Prompt: The entries below should be given again exactly, minus their pictures.

Exercise data:

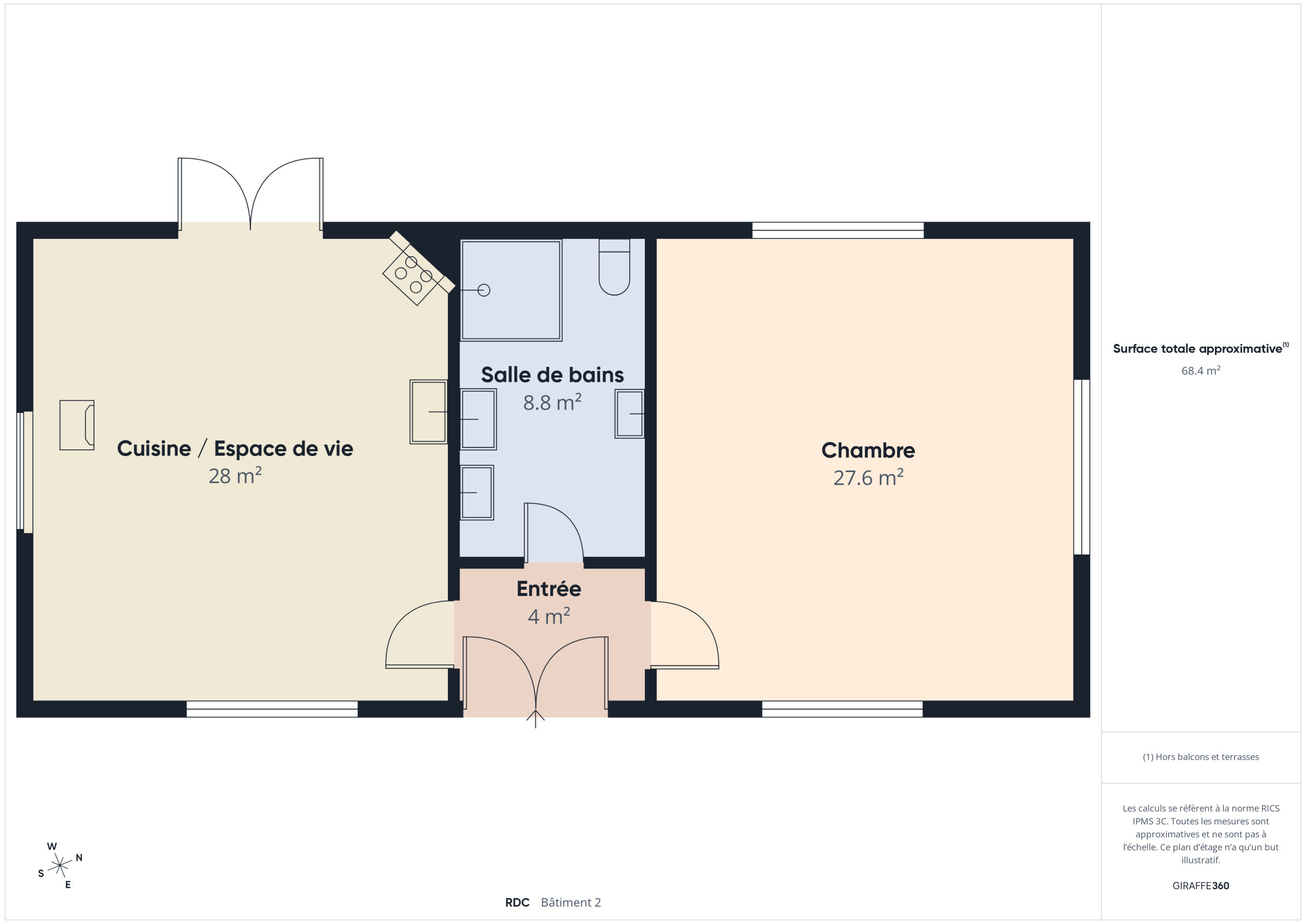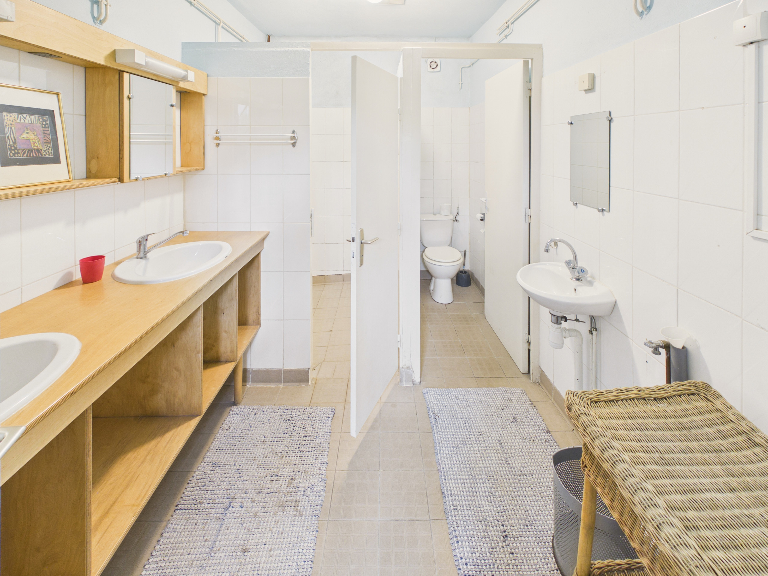 La salle de bain, avec une douche, un WC et une double vasque , se trouve entre le coin nuit et l’espace de vie.
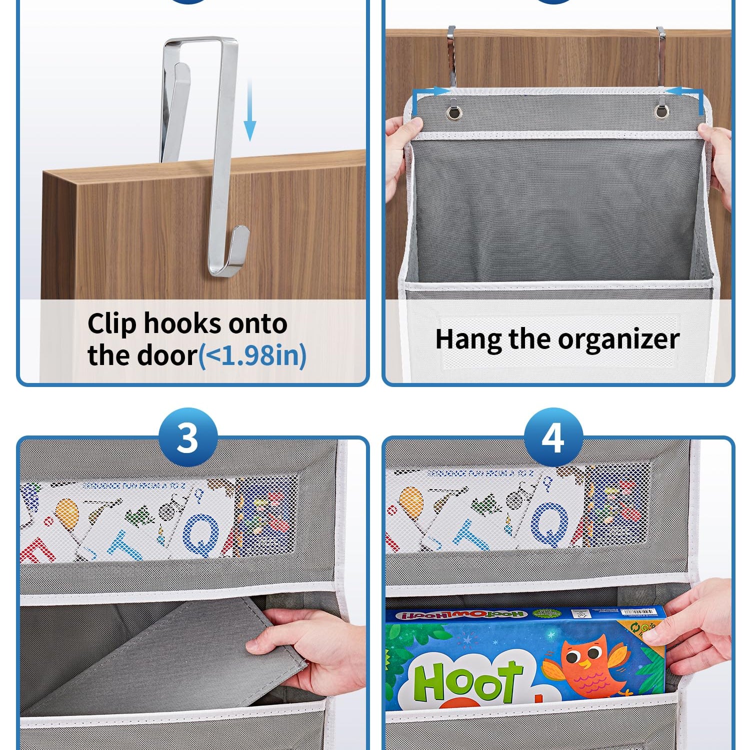 - Easy to Assemble: Set up the toy storage organizer in a mere 30 seconds. Simply hang the hook on the door, hang the organizer onto the hooks, and insert the 5 bottom cardboards. With special metal hooks designed to fit doors up to 1.98" thick, enjoy a hassle-free and versatile installation experience.
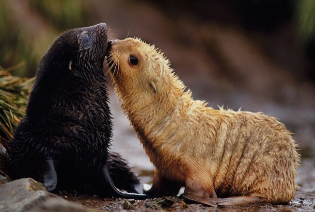 | Hai chú hải cẩu đang thể hiện tình cảm bằng cách ủi mũi vào nhau trên đảo South Georgia. Ảnh: Frans Lanting |
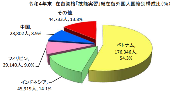 「在留資格」で在留する外国人の構成比は、令和4年末現在、①ベトナム、②インドネシア、③フィリピンの順となっています。
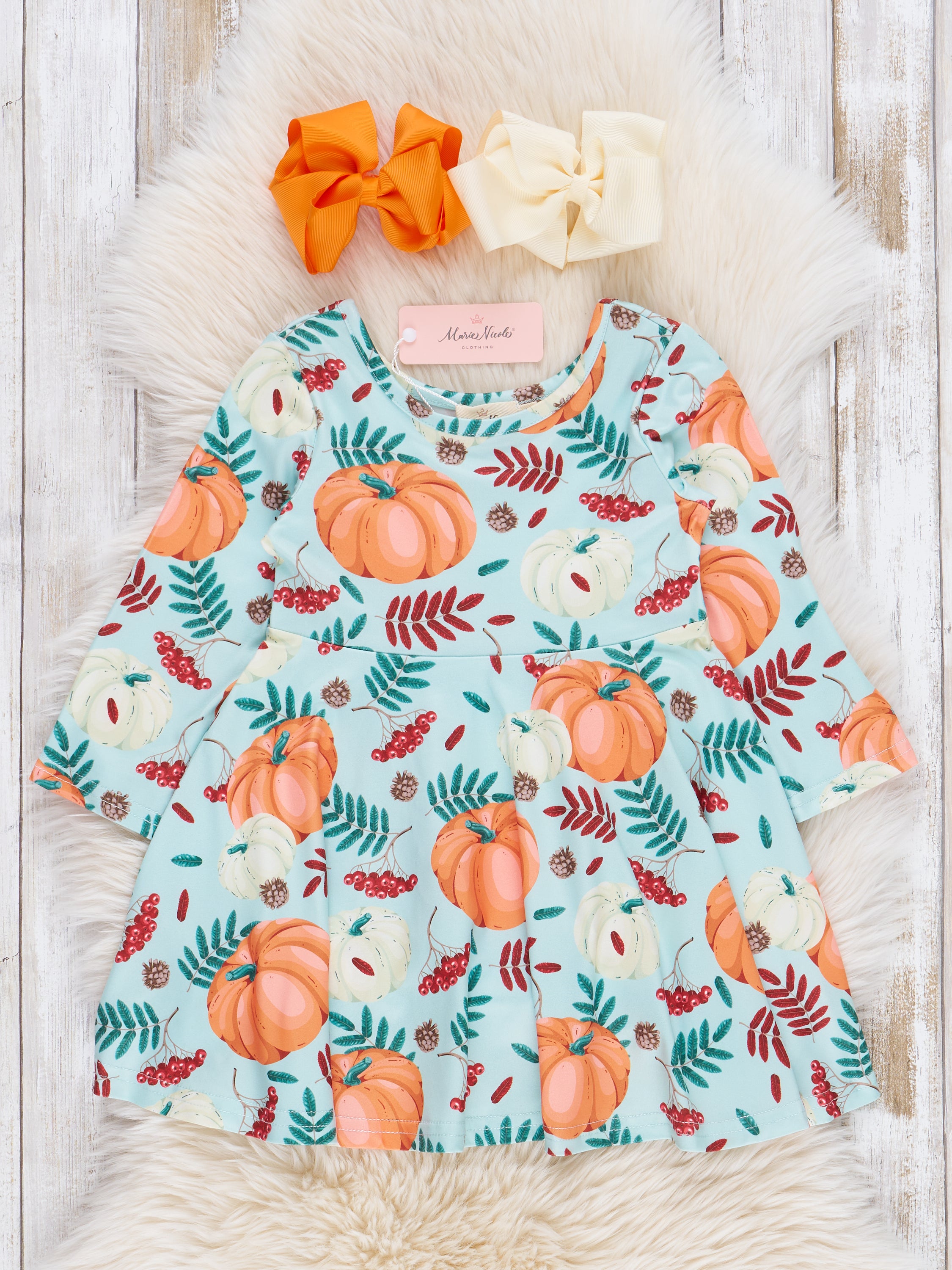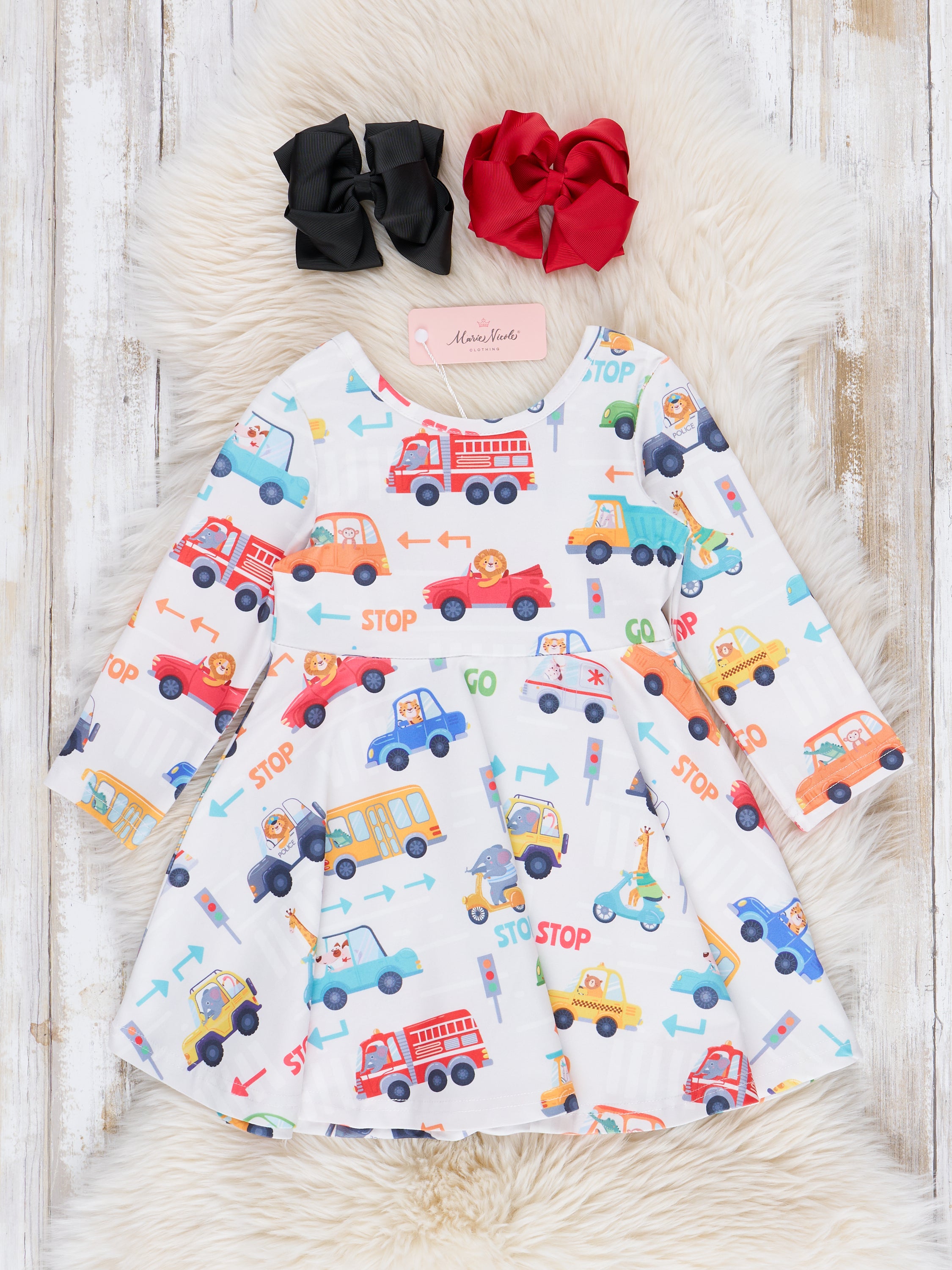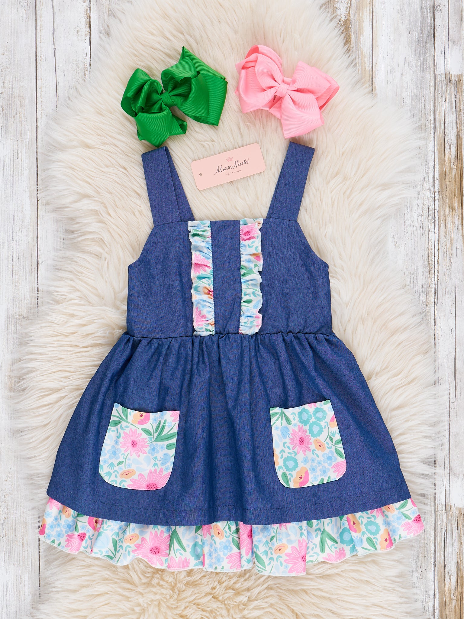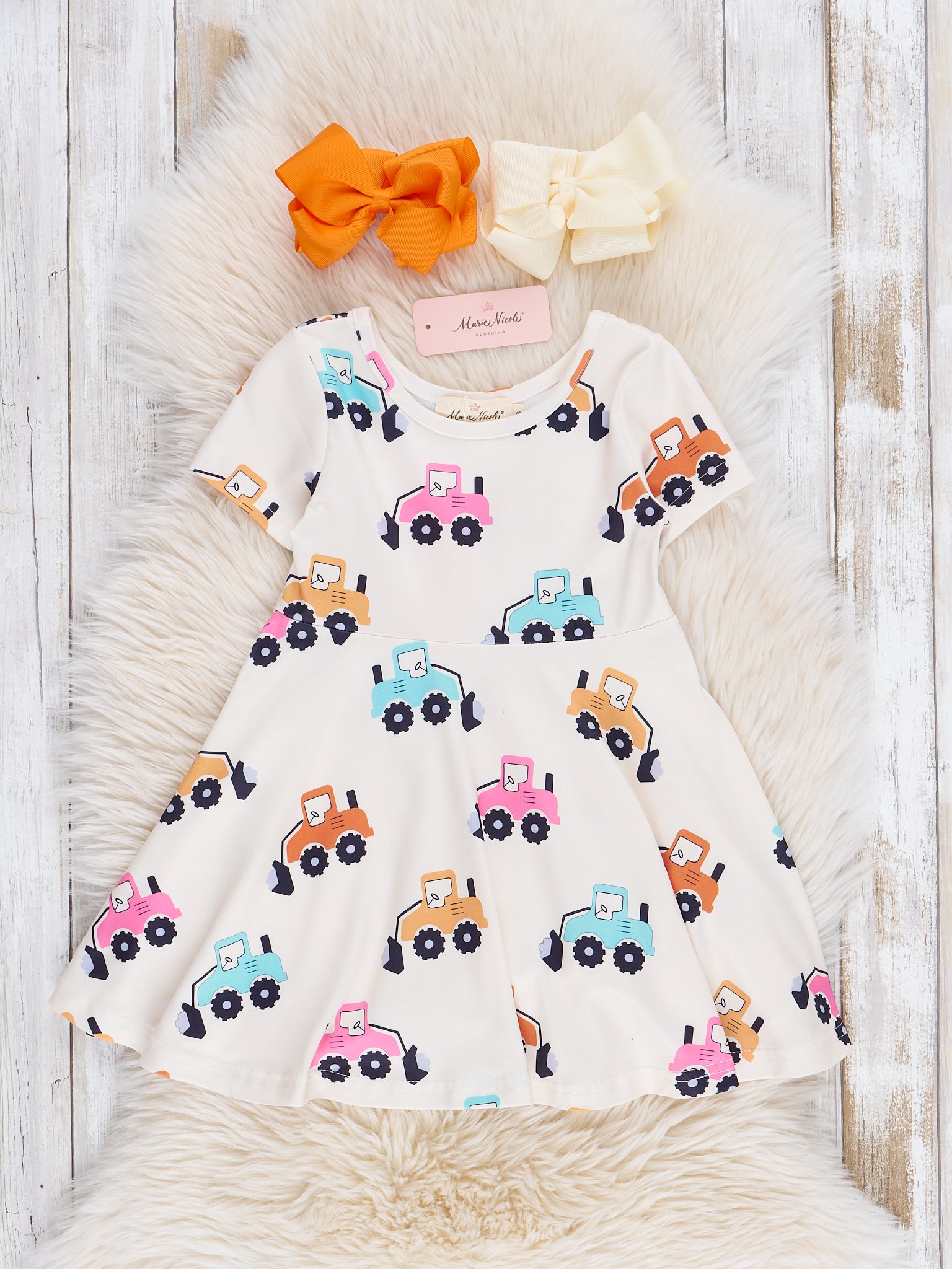 Pink & Turquoise Rainbow Hearts Ruffle Dress

Answer for the task:
 La salle de bain, avec une douche, un WC et une double vasque , se trouve entre le coin nuit et l’espace de vie.
 - Easy to Assemble: Set up the toy storage organizer in a mere 30 seconds. Simply hang the hook on the door, hang the organizer onto the hooks, and insert the 5 bottom cardboards. With special metal hooks designed to fit doors up to 1.98" thick, enjoy a hassle-free and versatile installation experience.
 | Hai chú hải cẩu đang thể hiện tình cảm bằng cách ủi mũi vào nhau trên đảo South Georgia. Ảnh: Frans Lanting |
 「在留資格」で在留する外国人の構成比は、令和4年末現在、①ベトナム、②インドネシア、③フィリピンの順となっています。
 Pink & Turquoise Rainbow Hearts Ruffle Dress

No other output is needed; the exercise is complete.